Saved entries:
········

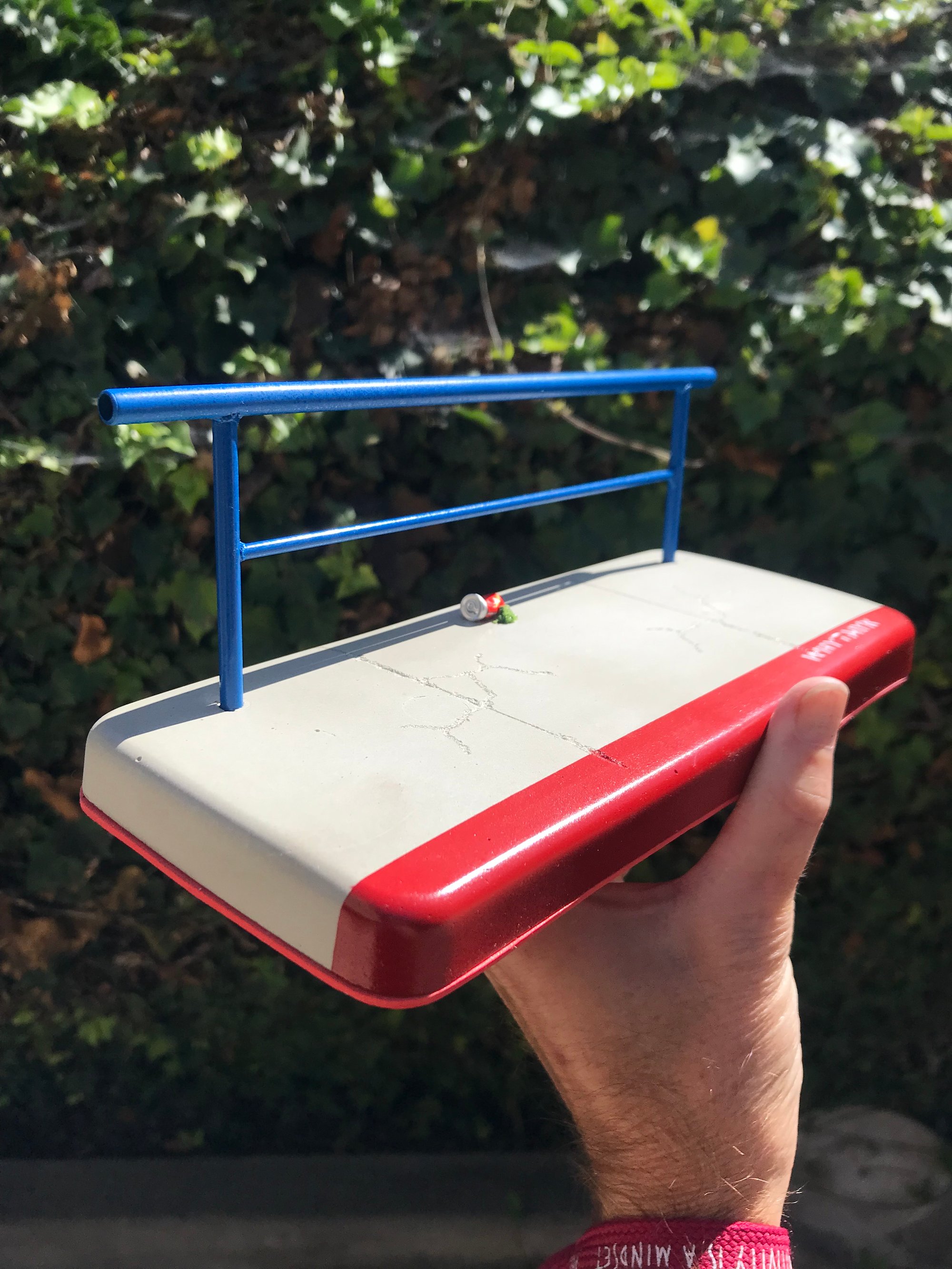 9 inch sidewalk w/ approx 2 1/2 inch hand rail.
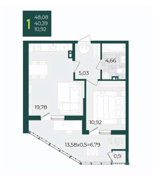 Просторная лоджия 13.58м2 станет отличным местом для отдыха, создания зимнего сада или уютного уголка для работы. Она прекрасно освещена и остеклена
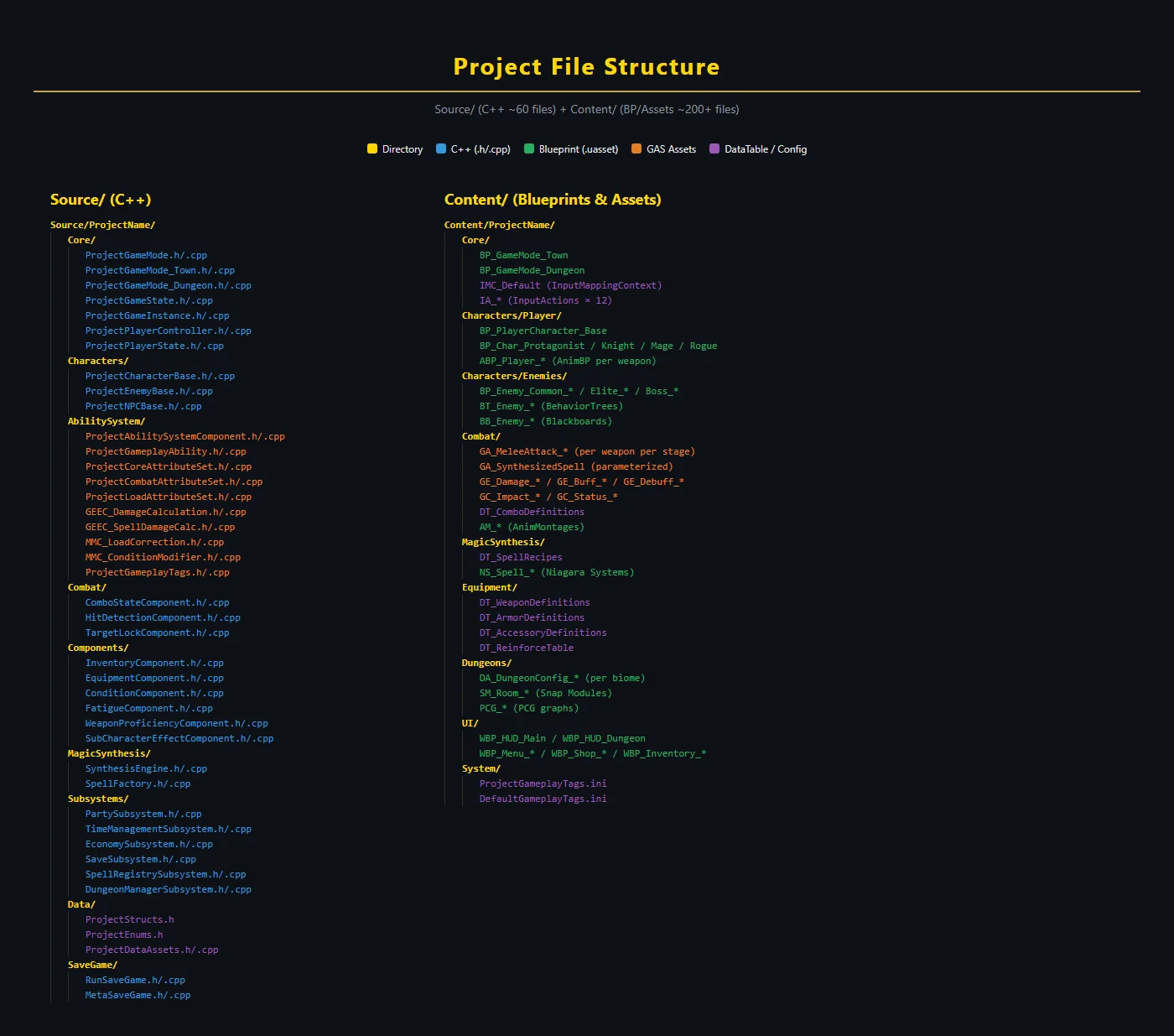 Source/(C++ ~60ファイル)と Content/(BP ~200+ファイル)のビジュアルツリー。
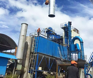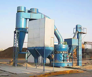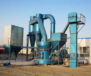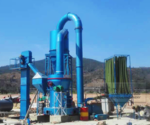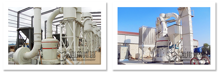 碳酸钙物料经破碎机破碎成小颗粒后,由提升机送入料仓,再通过给料机和倾斜的导料管,将物料均匀地送到转盘上部的散料盘上。磨粉机工作时,磨辊在环道内旋转、滚动。物料在离心作用下散向周边并落入磨腔,在环道内被磨辊冲压、滚辗、研磨。随着高压风机不断的抽吸设备机内部的空气,经多层粉碎后的物料,被带入选粉机,高速旋转的叶轮对其进行筛选,不合格的物料回落重磨,合格的物料则随气流进入旋风集粉器,密度较大尘粒下落,由底部的卸料阀排出即为成品,密度较小的细粉尘则随气流进入除尘器,并粘附在滤袋表面,脉冲阀控制高压气流从滤袋内部瞬间喷射,粘附其上的粉尘则因滤袋的抖动下落,底部的输送机则把两处收集的物料送出进行成品包装。
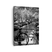 Cuadro sobre lienzo - Impresión de Imagen - Canal con bicicletas en fotografía en blanco y negro - 50x70cm - Una visión muy holandesa - Decoración de pared moderna para salón y dormitorio ARTTOR
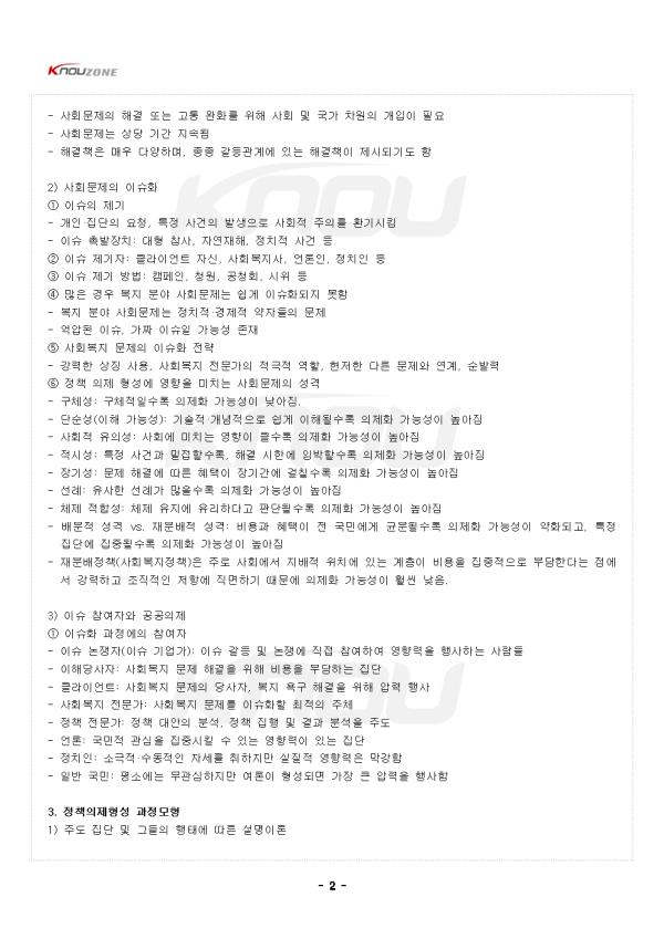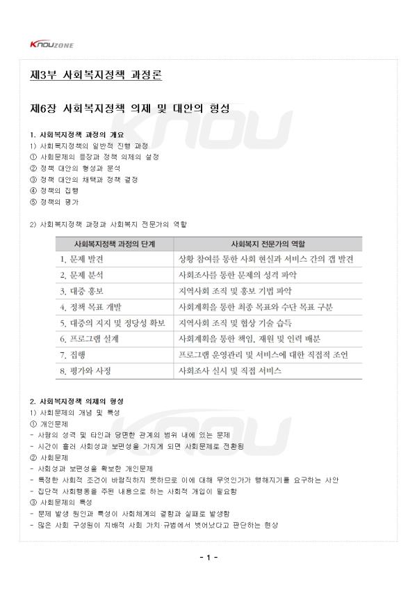 Á¦6Àå »çȸº¹ÁöÁ¤Ã¥ ÀÇÁ¦ ¹× ´ë¾ÈÀÇ Çü¼º 1. »çȸº¹ÁöÁ¤Ã¥ °úÁ¤ÀÇ °³¿ä 1) »çȸº¹ÁöÁ¤Ã¥ÀÇ ÀϹÝÀû ÁøÇà °úÁ¤ ¨ç »çȸ¹®Á¦ÀÇ µîÀå°ú Á¤Ã¥ ÀÇÁ¦ÀÇ ¼³Á¤ ¨è Á¤Ã¥ ´ë¾ÈÀÇ Çü¼º°ú ºÐ¼® ¨é Á¤Ã¥ ´ë¾ÈÀÇ Ã¤Åðú Á¤Ã¥ °áÁ¤ ¨ê Á¤Ã¥ÀÇ ÁýÇà ¨ë Á¤Ã¥ÀÇ Æò°¡ 2) »çȸº¹ÁöÁ¤Ã¥ °úÁ¤°ú »çȸº¹Áö Àü¹®°¡ÀÇ ¿ªÇÒ 2. »çȸº¹ÁöÁ¤Ã¥ ÀÇÁ¦ÀÇ Çü¼º 1) »çȸ¹®Á¦ÀÇ °³³ä ¹× Ư¼º ¨ç °³Àι®Á¦ - »ç¶÷ÀÇ ¼º°Ý ¹× ŸÀΰú ´ç¸éÇÑ °ü°èÀÇ ¹üÀ§ ³»¿¡ ÀÖ´Â ¹®Á¦ - ½Ã°£ÀÌ Èê·¯ »çȸ¼º°ú º¸Æí¼ºÀ» °¡Áö°Ô µÇ¸é »çȸ¹®Á¦·Î ÀüȯµÊ ¨è »çȸ¹®Á¦ - »çȸ¼º°ú º¸Æí¼ºÀ» È®º¸ÇÑ °³Àι®Á¦ - ƯÁ¤ÇÑ »çȸÀû Á¶°ÇÀÌ ¹Ù¶÷Á÷ÇÏÁö ¸øÇϹǷΠÀÌ¿¡ ´ëÇØ ¹«¾ùÀΰ¡°¡ ÇàÇØÁö±â¸¦ ¿ä±¸ÇÏ´Â »ç¾È - Áý´ÜÀû »çȸÇൿÀ» ÁÖµÈ ³»¿ëÀ¸·Î ÇÏ´Â »çȸÀû °³ÀÔÀÌ ÇÊ¿äÇÔ ¨é »çȸ¹®Á¦ÀÇ Æ¯¼º - ¹®Á¦ ¹ß»ý ¿øÀΰú Ư¼ºÀÌ »çȸü°èÀÇ °áÇÔ°ú ½ÇÆÐ·Î ¹ß»ýÇÔ - ¸¹Àº »çȸ ±¸¼º¿øÀÌ Áö¹èÀû »çȸ °¡Ä¡¡¤±Ô¹ü¿¡¼ ¹þ¾î³µ´Ù°í ÆÇ´ÜÇÏ´Â Çö»ó - »çȸ¹®Á¦ÀÇ ÇØ°á ¶Ç´Â °íÅë ¿Ïȸ¦ À§ÇØ »çȸ ¹× ±¹°¡ Â÷¿øÀÇ °³ÀÔÀÌ ÇÊ¿ä - »çȸ¹®Á¦´Â »ó´ç ±â°£ Áö¼ÓµÊ - ÇØ°áÃ¥Àº ¸Å¿ì ´Ù¾çÇϸç, Á¾Á¾ °¥µî°ü°è¿¡ ÀÖ´Â ÇØ°áÃ¥ÀÌ Á¦½ÃµÇ±âµµ ÇÔ 2) »çȸ¹®Á¦ÀÇ À̽´È ¨ç À̽´ÀÇ Á¦±â - °³ÀΡ¤Áý´ÜÀÇ ¿äû, ƯÁ¤ »ç°ÇÀÇ ¹ß»ýÀ¸·Î »çȸÀû ÁÖÀǸ¦ ȯ±â½ÃÅ´ - À̽´ Ã˹ßÀåÄ¡: ´ëÇü Âü»ç, ÀÚ¿¬ÀçÇØ, Á¤Ä¡Àû »ç°Ç µî ¨è À̽´ Á¦±âÀÚ: Ŭ¶óÀÌ¾ðÆ® ÀÚ½Å, »çȸº¹Áö»ç, ¾ð·ÐÀÎ, Á¤Ä¡ÀÎ µî ¨é À̽´ Á¦±â ¹æ¹ý: Ä·ÆäÀÎ, û¿ø, °øÃ»È¸, ½ÃÀ§ µî ¨ê ¸¹Àº °æ¿ì º¹Áö ºÐ¾ß »çȸ¹®Á¦´Â ½±°Ô À̽´ÈµÇÁö ¸øÇÔ - º¹Áö ºÐ¾ß »çȸ¹®Á¦´Â Á¤Ä¡Àû¡¤°æÁ¦Àû ¾àÀÚµéÀÇ ¹®Á¦ - ¾ï¾ÐµÈ À̽´, °¡Â¥ À̽´ÀÏ °¡´É¼º Á¸Àç ¨ë »çȸº¹Áö ¹®Á¦ÀÇ À̽´È Àü·« - °·ÂÇÑ »ó¡ »ç¿ë, »çȸº¹Áö Àü¹®°¡ÀÇ Àû±ØÀû ¿ªÇÒ, ÇöÀúÇÑ ´Ù¸¥ ¹®Á¦¿Í ¿¬°è, ¼ø¹ß·Â ¨ì Á¤Ã¥ ÀÇÁ¦ Çü¼º¿¡ ¿µÇâÀ» ¹ÌÄ¡´Â »çȸ¹®Á¦ÀÇ ¼º°Ý - ±¸Ã¼¼º: ±¸Ã¼ÀûÀϼö·Ï ÀÇÁ¦È °¡´É¼ºÀÌ ³·¾ÆÁü. - ´Ü¼ø¼º(ÀÌÇØ °¡´É¼º): ±â¼úÀû¡¤°³³äÀûÀ¸·Î ½±°Ô ÀÌÇØµÉ¼ö·Ï ÀÇÁ¦È °¡´É¼ºÀÌ ³ô¾ÆÁü - »çȸÀû À¯ÀǼº: »çȸ¿¡ ¹ÌÄ¡´Â ¿µÇâÀÌ Å¬¼ö·Ï ÀÇÁ¦È °¡´É¼ºÀÌ ³ô¾ÆÁü - Àû½Ã¼º: ƯÁ¤ »ç°Ç°ú ¹ÐÁ¢ÇÒ¼ö·Ï, ÇØ°á ½ÃÇÑ¿¡ ÀÓ¹ÚÇÒ¼ö·Ï ÀÇÁ¦È °¡´É¼ºÀÌ ³ô¾ÆÁü - Àå±â¼º: ¹®Á¦ ÇØ°á¿¡ µû¸¥ ÇýÅÃÀÌ Àå±â°£¿¡ °ÉÄ¥¼ö·Ï ÀÇÁ¦È °¡´É¼ºÀÌ ³ô¾ÆÁü - ¼±·Ê: À¯»çÇÑ ¼±·Ê°¡ ¸¹À»¼ö·Ï ÀÇÁ¦È °¡´É¼ºÀÌ ³ô¾ÆÁü - üÁ¦ ÀûÇÕ¼º: üÁ¦ À¯Áö¿¡ À¯¸®ÇÏ´Ù°í ÆÇ´ÜµÉ¼ö·Ï ÀÇÁ¦È °¡´É¼ºÀÌ ³ô¾ÆÁü - ¹èºÐÀû ¼º°Ý vs. ÀçºÐ¹èÀû ¼º°Ý: ºñ¿ë°ú ÇýÅÃÀÌ Àü ±¹¹Î¿¡°Ô ±ÕºÐµÉ¼ö·Ï ÀÇÁ¦È °¡´É¼ºÀÌ ¾àȵǰí, ƯÁ¤ Áý´Ü¿¡ ÁýÁߵɼö·Ï ÀÇÁ¦È °¡´É¼ºÀÌ ³ô¾ÆÁü - ÀçºÐ¹èÁ¤Ã¥(»çȸº¹ÁöÁ¤Ã¥)Àº ÁÖ·Î »çȸ¿¡¼ Áö¹èÀû À§Ä¡¿¡ ÀÖ´Â °èÃþÀÌ ºñ¿ëÀ» ÁýÁßÀûÀ¸·Î ºÎ´ãÇÑ´Ù´Â Á¡¿¡¼ °·ÂÇϰí Á¶Á÷ÀûÀÎ ÀúÇ׿¡ Á÷¸éÇϱ⠶§¹®¿¡ ÀÇÁ¦È °¡´É¼ºÀÌ ÈξÀ ³·À½. 3) À̽´ Âü¿©ÀÚ¿Í °ø°øÀÇÁ¦ ¨ç À̽´È °úÁ¤¿¡ÀÇ Âü¿©ÀÚ - À̽´ ³íÀïÀÚ(À̽´ ±â¾÷°¡): À̽´ °¥µî ¹× ³íÀï¿¡ Á÷Á¢ Âü¿©ÇÏ¿© ¿µÇâ·ÂÀ» Çà»çÇÏ´Â »ç¶÷µé - ÀÌÇØ´ç»çÀÚ: »çȸº¹Áö ¹®Á¦ ÇØ°áÀ» À§ÇØ ºñ¿ëÀ» ºÎ´ãÇÏ´Â Áý´Ü - Ŭ¶óÀ̾ðÆ®: »çȸº¹Áö ¹®Á¦ÀÇ ´ç»çÀÚ, º¹Áö ¿å±¸ ÇØ°áÀ» À§ÇØ ¾Ð·Â Çà»ç - »çȸº¹Áö Àü¹®°¡: »çȸº¹Áö ¹®Á¦¸¦ À̽´ÈÇÒ ÃÖÀûÀÇ ÁÖü - Á¤Ã¥ Àü¹®°¡: Á¤Ã¥ ´ë¾ÈÀÇ ºÐ¼®, Á¤Ã¥ ÁýÇà ¹× °á°ú ºÐ¼®À» ÁÖµµ - ¾ð·Ð: ±¹¹ÎÀû °ü½ÉÀ» ÁýÁß½Ãų ¼ö ÀÖ´Â ¿µÇâ·ÂÀÌ ÀÖ´Â Áý´Ü - Á¤Ä¡ÀÎ: ¼Ò±ØÀû¡¤¼öµ¿ÀûÀÎ ÀÚ¼¼¸¦ ÃëÇÏÁö¸¸ ½ÇÁúÀû ¿µÇâ·ÂÀº ¸·°ÇÔ - ÀÏ¹Ý ±¹¹Î: Æò¼Ò¿¡´Â ¹«°ü½ÉÇÏÁö¸¸ ¿©·ÐÀÌ Çü¼ºµÇ¸é °¡Àå Å« ¾Ð·ÂÀ» Çà»çÇÔ - Áß·« - |

········

■ EXERCISE DETAILS ■
Reproduce the data above exactly, but only from the line containing "Просторная лоджия 13.58м2" through the line containing "Cuadro sobre lienzo". Omit all pictures.

■ TASK RESULT ■
 Просторная лоджия 13.58м2 станет отличным местом для отдыха, создания зимнего сада или уютного уголка для работы. Она прекрасно освещена и остеклена
 Source/(C++ ~60ファイル)と Content/(BP ~200+ファイル)のビジュアルツリー。
 碳酸钙物料经破碎机破碎成小颗粒后,由提升机送入料仓,再通过给料机和倾斜的导料管,将物料均匀地送到转盘上部的散料盘上。磨粉机工作时,磨辊在环道内旋转、滚动。物料在离心作用下散向周边并落入磨腔,在环道内被磨辊冲压、滚辗、研磨。随着高压风机不断的抽吸设备机内部的空气,经多层粉碎后的物料,被带入选粉机,高速旋转的叶轮对其进行筛选,不合格的物料回落重磨,合格的物料则随气流进入旋风集粉器,密度较大尘粒下落,由底部的卸料阀排出即为成品,密度较小的细粉尘则随气流进入除尘器,并粘附在滤袋表面,脉冲阀控制高压气流从滤袋内部瞬间喷射,粘附其上的粉尘则因滤袋的抖动下落,底部的输送机则把两处收集的物料送出进行成品包装。
 Cuadro sobre lienzo - Impresión de Imagen - Canal con bicicletas en fotografía en blanco y negro - 50x70cm - Una visión muy holandesa - Decoración de pared moderna para salón y dormitorio ARTTOR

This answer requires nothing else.